Nun grinste auch Mum breit.
„Da hör dir meinen Herrn Sohn an, kaum steigt er in die Welt der Reichen und Schönen auf, wird er zum Angeber!“
Entsetzt fiel meine Kinnlade zu Boden und Gregory und auch Mum fingen laut an zu lachen.
Auch Mason stimmte mit ein.
„Was denn, ich wollte doch nur behilflich sein!“
„Schon gut, Jack, das war nur ein Spaß! Die Idee, Mason die Wohnung geben zu wollen, finde ich aber gut, wenn er sie überhaupt haben will.“
Masons Blick wanderte durch die Runde.
„Die Wohnung ist sicher geschnitten wie diese…“, sagte Mason.
„Nein sie ist größer. Gregorys Wohnung daneben ist nur eine Einzimmerwohnung, so hat die Wohnung über uns vier Zimmer, Küche und Bad!“, erklärte Mum.
Woher wusste sie das? Wir waren nie in den anderen Wohnungen gewesen.

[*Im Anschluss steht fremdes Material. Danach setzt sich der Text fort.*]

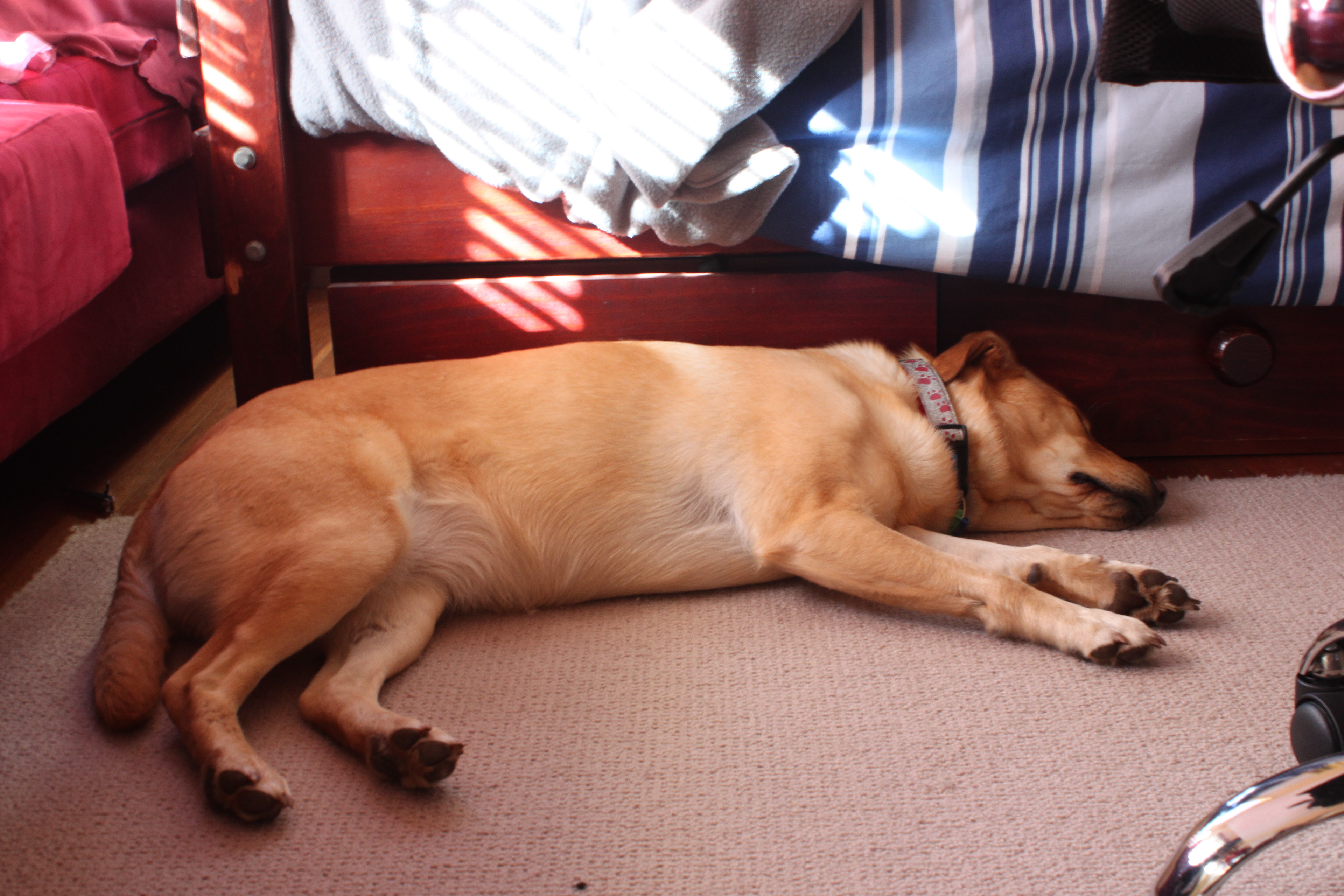 Eveything about this image is about comfort and security. The dog is placed in a corner that seems to be an enclosed space (safety). The soft materials such as couch, bed and carpet and the sleeping dog evoke a relaxed and soft feeling. This composition has a strong context and mood.

„Das hört sich gut an, aber ich möchte mir die Wohnung vorher doch ansehen.“
Mum schaute nun zu mir.
„Was?“
„Du bist der Hausbesitzer!“, grinste sie.

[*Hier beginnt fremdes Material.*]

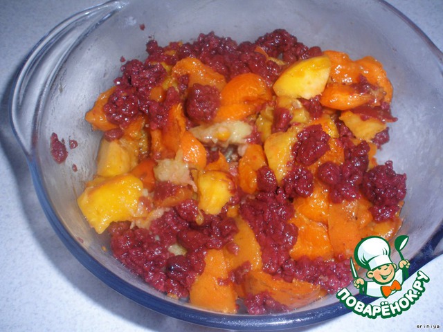 Выложить тесто в форму и в некоторых местах наколоть вилкой. Выпекать около 15 минут, затем дать остыть. На слабом огне в глубокой сковороде растопить сливочное масло или маргарин, доведя его цвет до слегка коричневатого. Добавить муку, сахар и все хорошо перемешать до образования крошки. Из оставшегося теста скатать валик. Выложить его вдоль края испеченного коржа. Пальцами размять верх валика. Отделить белки от желтков. Белки взбить в крутую пену. Тщательно смешать яичные желтки, творог, сметану, молоко, ваниль, крахмал. Венчиком размешать в полученной массе взбитый белок. Вмешать порезанные фрукты и ягоды. Нагреть духовку до температуры 200 градусов. Творожно-фруктовую массу выложить поверх коржа и аккуратно разровнять деревяной лопаточкой. Сверху посыпать приготовленной из муки и сахара крошкой. Выпекать торт до готовности.
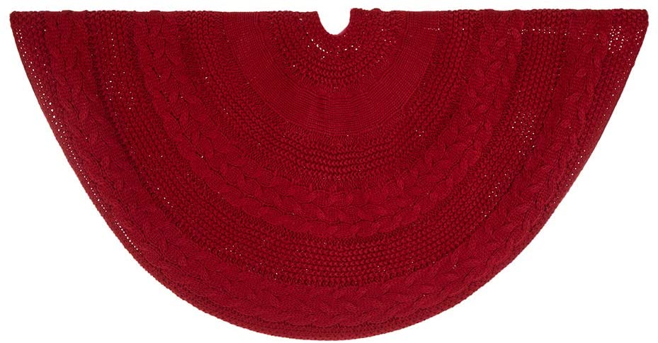 Glitzhome Knited Acrylic Christmas Tree Skirt-Red for Xmas Decoration 52"

„Boah Mum. Ich bin siebzehn, woher soll ich wissen, was man da macht. Hast du nicht gesagt, dass macht alles Grandpas Anwalt?“
Zu spät merkte ich, dass ich ihr erneut auf dem Leim gegangen war.
„Mason, ich werde morgen mit dem Anwalt telefonieren, damit er alles in die Wege leiten kann.“
„Danke Charlotte!“
*-*-*
Ich wusste nicht warum, aber an diesem Morgen, fühlte ich mich beobachtet, als Gregory und ich zu Buslinie liefen. Ständig drehte ich meinen Kopf und nach hinten zu sehen.
„Was ist?“, fragte Gregory.
„Ach ich weiß auch nicht…, dass mit diesem Timothy macht mich nervös. Was ist, wenn er doch etwas im Schilde führt?“
„Ich kann nur das wiederholen, was deine Mutter sagte, wir sind nicht direkt davon betroffen, wir gehören nicht zu Olivias Familie.“
„Sie ist aber unsere Tante… und überhaupt, warum kannst du so ruhig sein?“
Gregory blieb stehen.
„Ich bin alles andere als ruhig, ich habe aber mehr Schiss vor dieser Matheprüfung, als vor diesem Typen!“
Eigentlich war dies alles zu ernst, um zu grinsen, aber ich tat es dennoch.
„Komm, lass uns weiter gehen, sonst verpassen wir noch den Bus!“
Den Rest des Weges schwiegen wir. Jeder war mit seinen Gedanken beschäftigt. In der Schule war es schon irgendwie zur Gewohnheit geworden, uns lautstark zu begrüßen. Was sehnte ich mich zurück an die ruhigen Tage, als mich niemand wahrnahm, oder wenigstens so tat.
Aber dran ändern konnte ich nichts mehr und gleich kam wieder der Spruch auf, dieses halbe Jahr schaffst du auch noch. Gleich in der ersten Stunde hatten wir die Prüfung in Mathematik.
Gerne hätte ich Gregory geholfen, denn ich spürte deutlich seine Nervosität, sein Körper zitterte regelrecht.
Ohne größeres Prozedere wurden gleich die Blätter ausgeteilt und Stille kehrte im Raum ein. Ich tauchte in mein Lieblingsfach ein und vergaß alles um mich herum. Erst der Schulgong riss mich wieder aus meiner Gedankenwelt und es hieß abgeben.